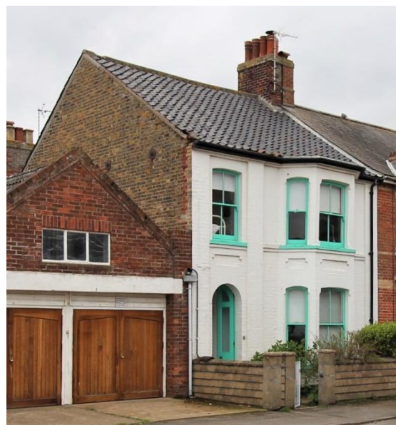
No.4 Dunwich Road

No.2 Dunwich Road – See Nos. 11-13 North Parade
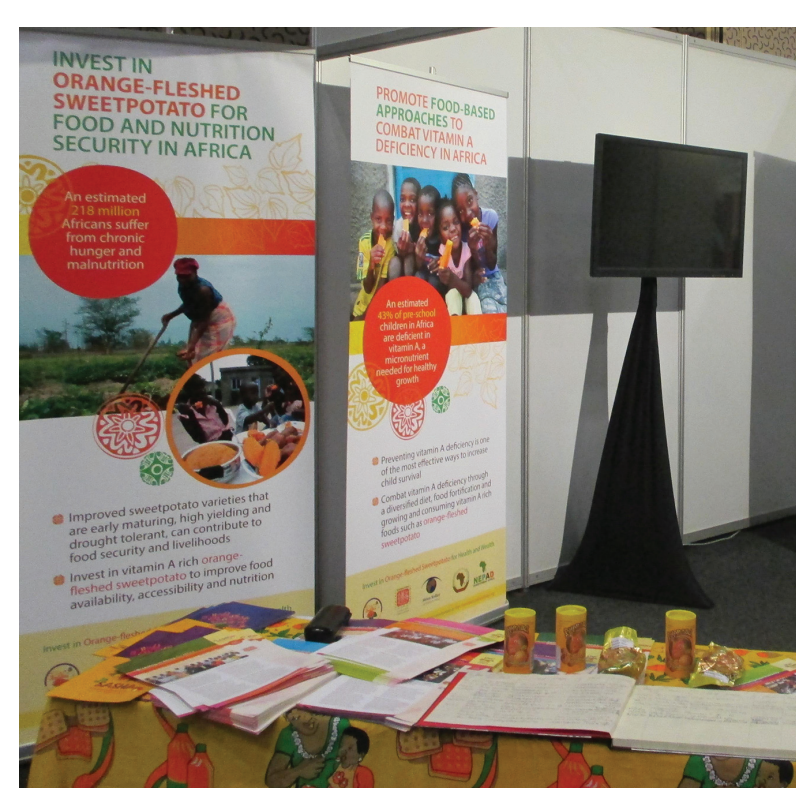
RAC advocacy materials on exhibit at the 10th CAADP Partnership Platform Meeting in Durban, South Africa
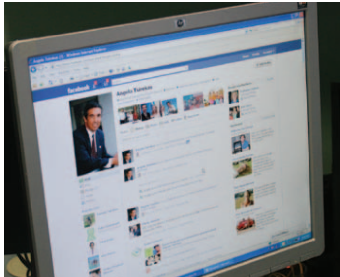
The Mayor's Facebook page

You can keep up with the latest news from the mayor's desk with Bayside e-Brief. This
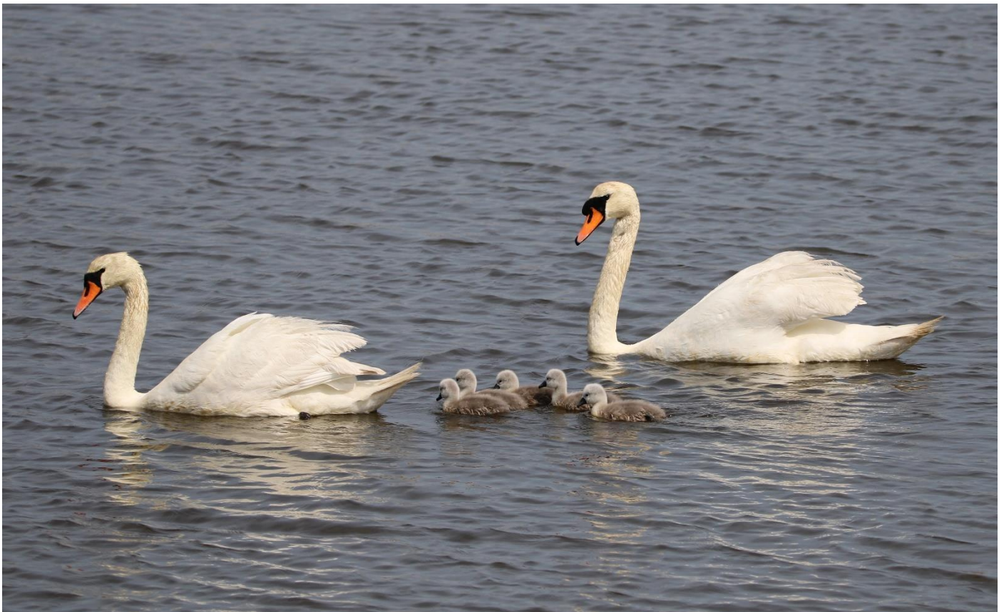
The two adult Mute Swans with the 5 cygnets.

Mute Swan: The Pair of Mute Swans on Avon Water had 5 cygnets, they were first seen on Wednesday 24 th May.
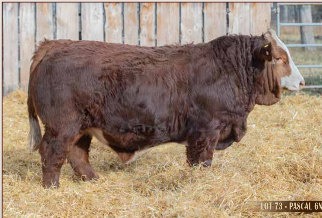
LOT 73 - PASCAL 6N
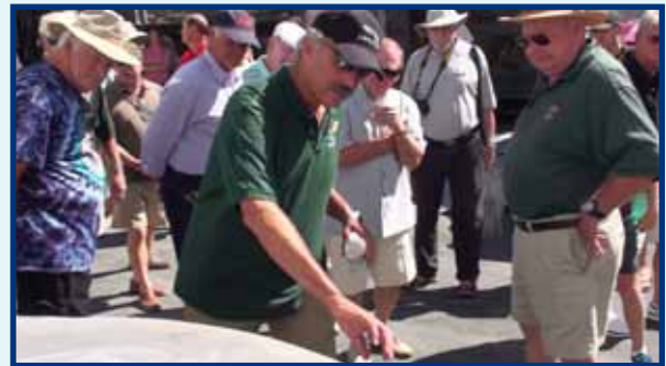
... and explains metal work needed on another
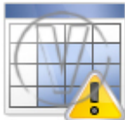
Spread Sheet Blue Warning.png
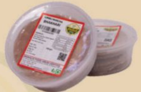
LIMBU MARCHA BHAKHARI
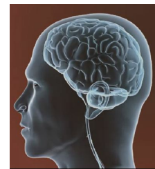
Anti-drug vaccine animation
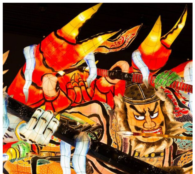
Nebuta Museum | 睡魔之家
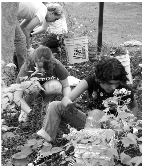
Simon's Rock volunteers weed the river bank

We look forward to another year of walking along the trail, observing new growth of our "native-native" plantings and sharing the beauty of the riverbank with the community. We are ever grateful to our donors and volunteers. Learn more at www.gbriverwalk.org
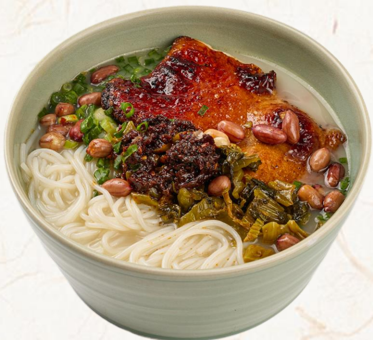
닭갈비 마라 쌀국수 (닭고기:국내산)

Spicy & Sour Rice Noodles with Crispy Chicken Cutlet 20
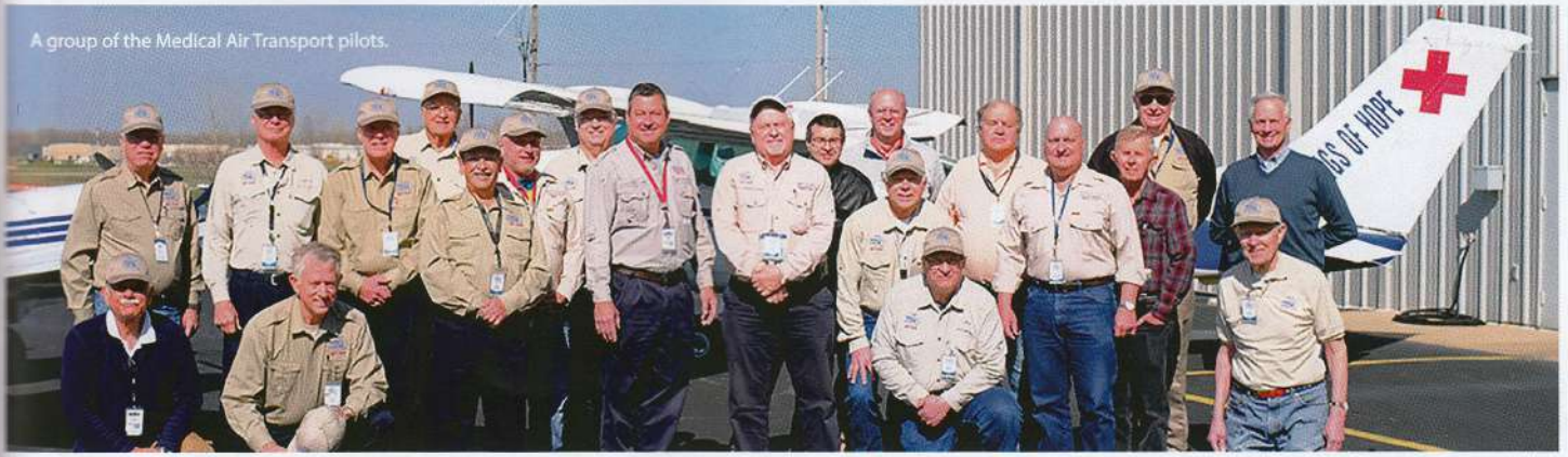
A group of the Medical Air Transport pilots.

WOH also partners with offshore medical air transport entities in Belize, Nicaragua, Columbia, Paraguay, Zambia, Tanzania, India, Cambodia, and Ecuador; providing aircraft, parts and maintenance services for medevac and fly-in clinics. They have also launched a Soar into STEM program domestically to encourage students excited about STEM learning and future aircraft careers.
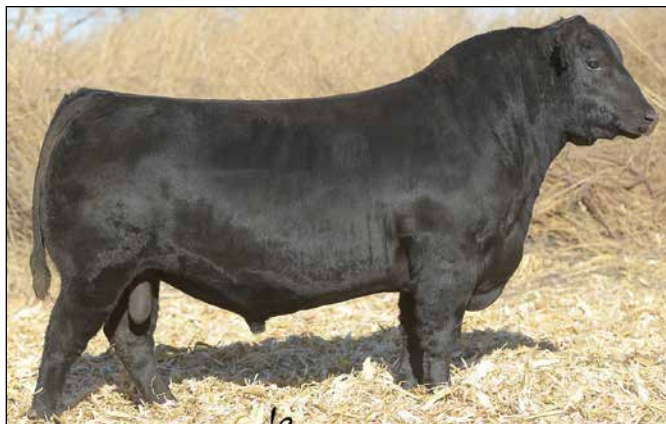
EF Commando 1366 - Sire of Baldrige Command C036
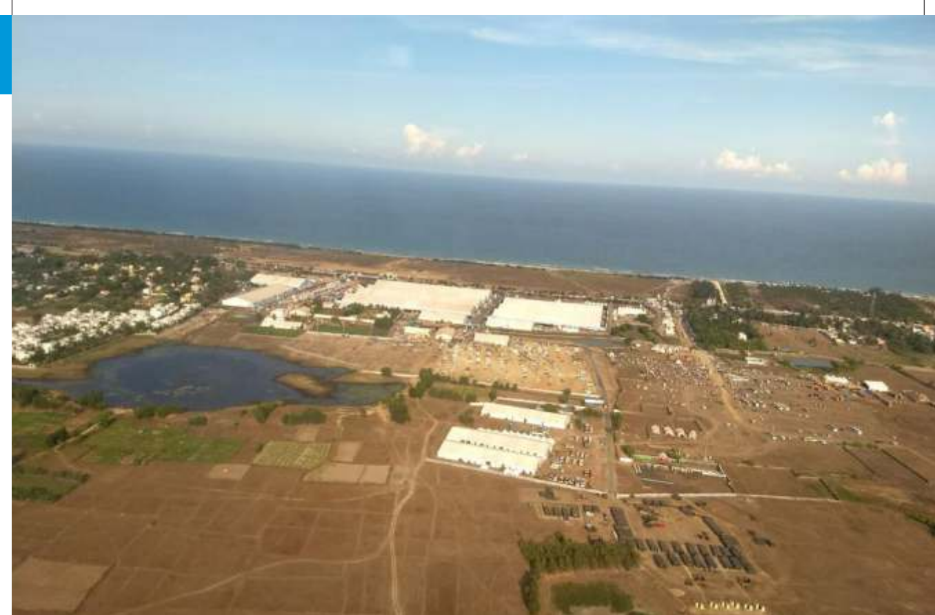
DefExpo venue by day and night
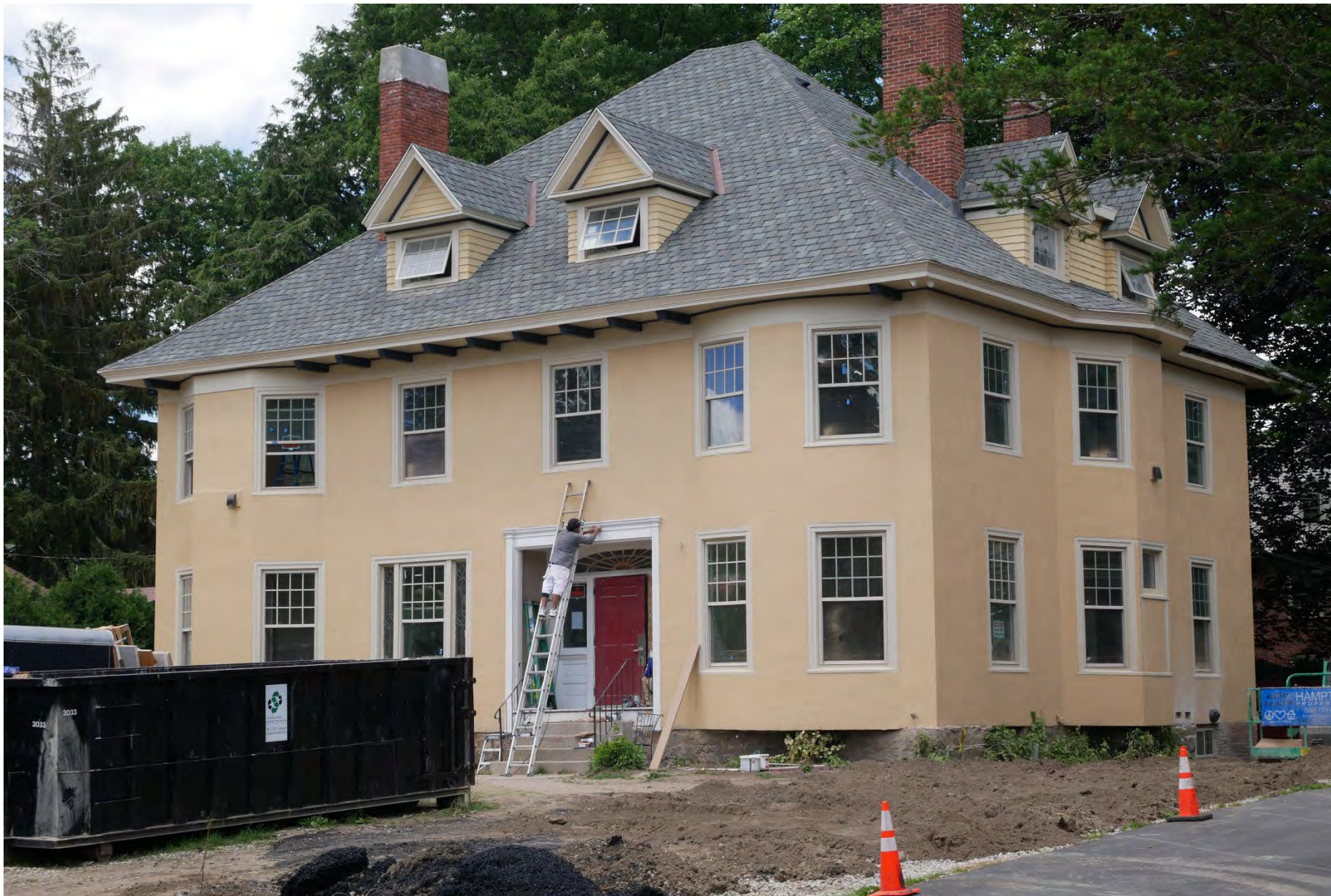
22. 64 Cedar Street, looking northwest. Integrity rating: very good
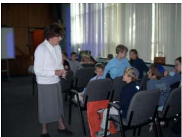
Below: Geveret discusses Yom Kippur with students
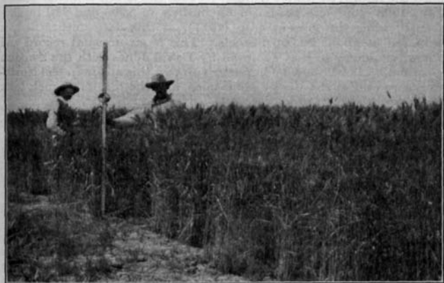
Fig. 7.—Side view of a 10-acre increase field of Improved Winter emmer. The estimated yield of this portion of field was 140 or 150 bushels per acre. The actual yield of the 10 acres was 691 bushels. Photographed at Worland, Wyo.

In the fall of 1909 a 10-acre field was sown to this seed. Earlier in the season the field had been sown to Canada peas, but a lack of water and the hot summer prevented the peas from making any profitable growth. A volunteer crop of spring barley and spelt came up and these and the few peas were cut for hay. The ground was then plowed, irrigated, and, in September, sown to the emmer, which made a small growth before freezing weather commenced. The rate of seeding was from 30 to 34 pounds per acre. In the spring
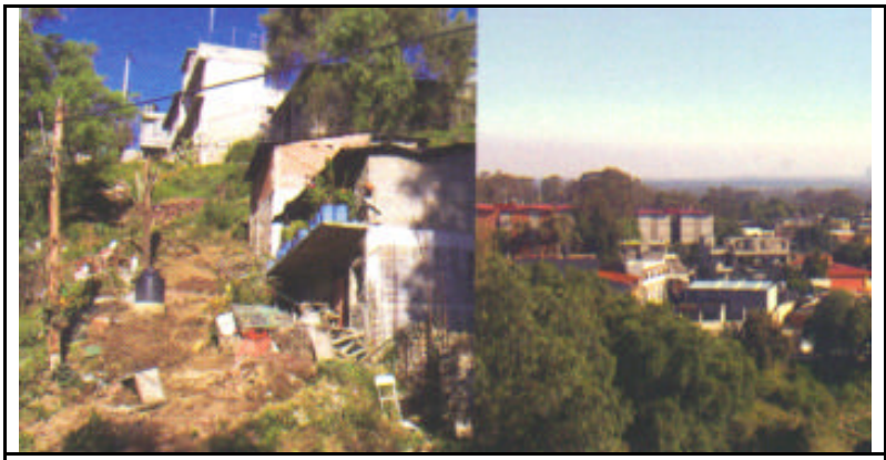
Invaded through the illegal sale of land

The area has also been threatened by real-estate developers intending to privatize and develop a considerable extension of communal lands and turn them into residential areas, a golf club, and a hotel and recreational area, on the pretext that they intended to prevent illegal settlements. These were not allowed because illegal settlements would have sprouted anyhow around the development itself due to the demand for labor, because they would modify the socioeconomic structure of Xochimilco by widening the gap between the rich and the poor and entail other negative environmental impacts such as: a greater demand for drinking water, soil pollution by the chemicals used on the golf course, and the increase in the traffic carried by the already saturated traffic lanes serving and connecting the area with the northern part of the Federal District.
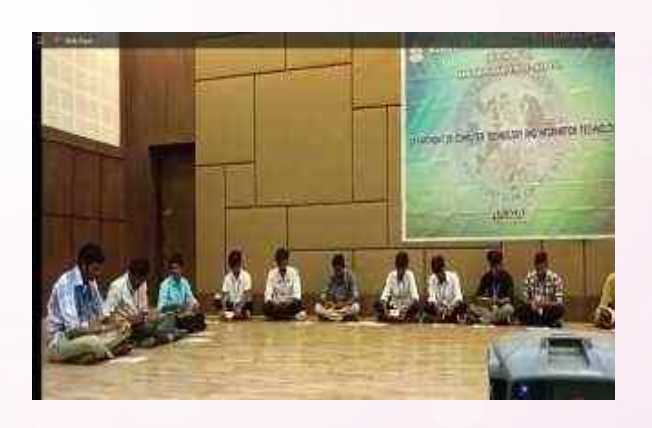
Minute to Win It
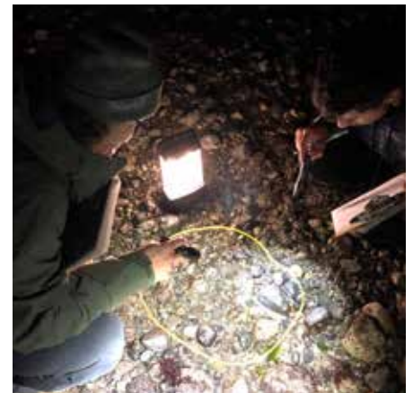
One of the exercises that we did was throw a rope onto the ocean ground and then count the different species that were in that one circle. You can identify what type of lifestyle, including food and predators that occupy a particular region just by observing a couple organisms.

"I learned that the shores of the Puget Sound on low tide are far more diverse than I could have ever imagined. Not only are there innumerable different species of organisms on the shores, but they all lead unique and diverse lives and play important roles in the ecosystem."
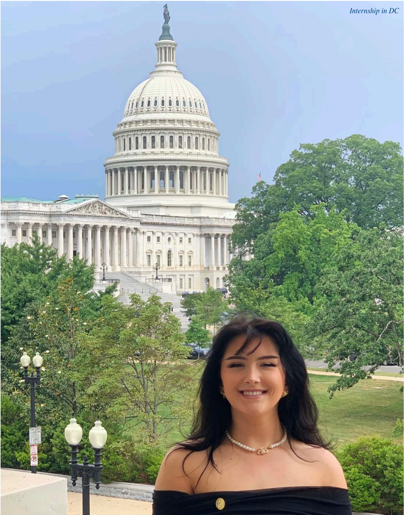
Internship in DC

a powerful presentation followed by a fantastic three-course dinner. Islamic Relief USA provided me further experiences that included numerous networking opportunities as well as site visits to the Capitol, the White House, the Eisenhower Executive Office Building, and the House of Representatives office buildings. Meeting the organization’s public affairs team initially was very intimidating. These experienced individuals with years of on the Hill and/or in nonprofits provided a model of what constant and tire-some advocacy entailed. However, they made me feel incredibly welcome and ensured that I adjusted well to life in D.C. I have had some wonderful external college experiences, including last year’s trip to Saudi Arabia with KSA Global. These are opportunities not to miss in one’s undergraduate years. They are great resume builders and they prepare you for the world after graduation. Do not miss out on these experiences of a lifetime.
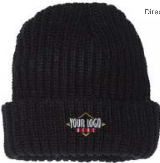
BLACK Direct Embroidery
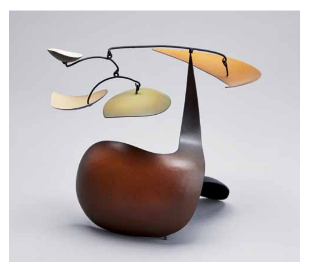
\begin{array}{c} \textit{Rich Tapestry} \\ \text{Standing mobile in brass and aluminum with steel wires, oil and acrylic colors} \\ 8 \times 10 \times 6'' \\ \text{MD856} \end{array}
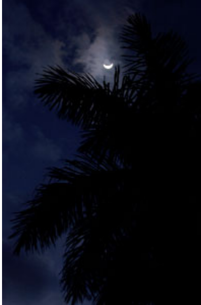
Crescent Moon above Royal Palm – Royal Palm, Everglades National Park

Leaving Anhinga Trail after a particularly late evening photographing, I saw the moon and the silhouette of one of the Royal Palms I had already photographed that evening at sunset. After several minutes of waiting, the moon, clouds, and wind cooperated allowing for this image to be made.
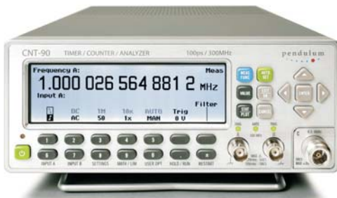
Figure 3: Input parameter setting menu shown with measured result.
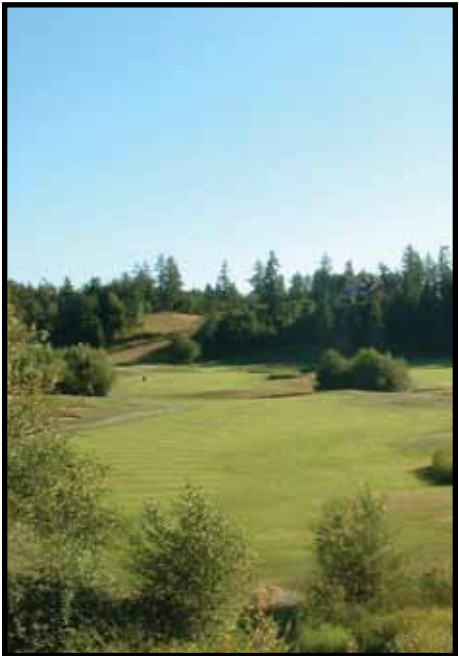
Shuksan Golf Course in Bellingham.
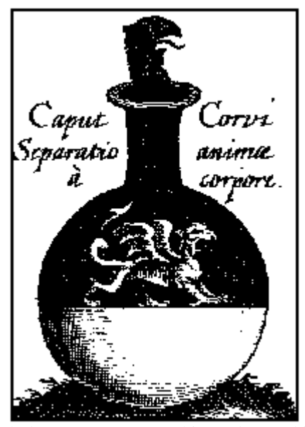
Here beginneth the Dragon to wax white and to eat his own wings.
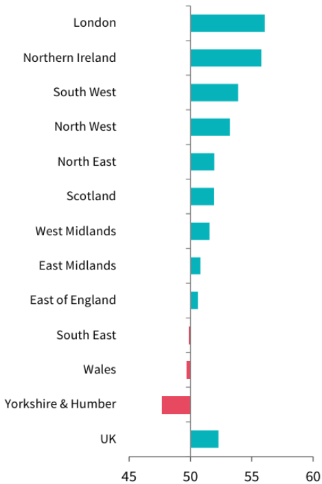
Business Activity Index sa, >50 = growth since previous month, Jun '24
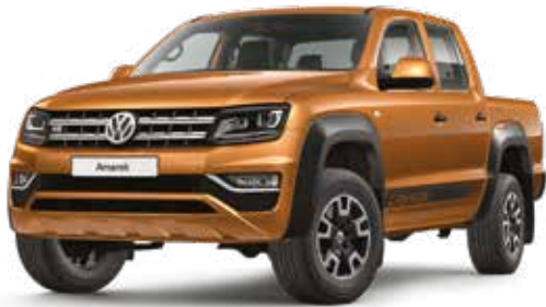
~ Outback Orange | Metallic paint finish | 4V4V (Only available with black flares)
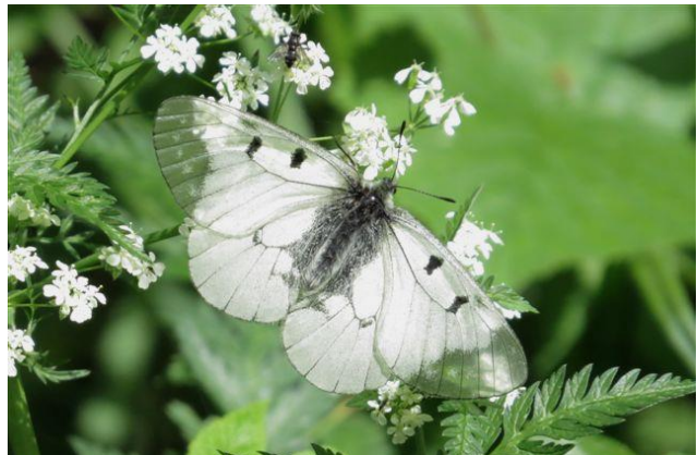
Northern chequered skipper and clouded Apollo.

After lunch we headed south, making a spontaneous pull-off to watch an elk 100m from the road, which led to the discovery of another six clouded Apollos on the verge! Reaching the Narew river we turned upstream towards Cochin and onto a quarry set among rolling arable fields. By now the weather had cooled, rain was threatening, and the hoped-for bee-eaters were not there, so we had to make do with a little ringed plover. Driving back, we stopped at a bridge just inside the National Park. Around 200 terns, mostly white-winged with a few black, hunted insects low over the marsh and nearby fire-bellied toads 'pooped', but the steady rain forced us to move on. Our last stop of the day was at a viewing tower, contemplating the view over another vista of fen and marsh, picking out a distant red deer as snipe drummed overhead.
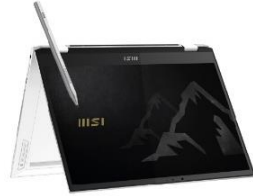
Business & Productivity Notebook

WHAT TO PRODUCE:
Say how many lines in the records hold the string "cygnets", please, and add no other words.

EXERCISE RESPONSE:
2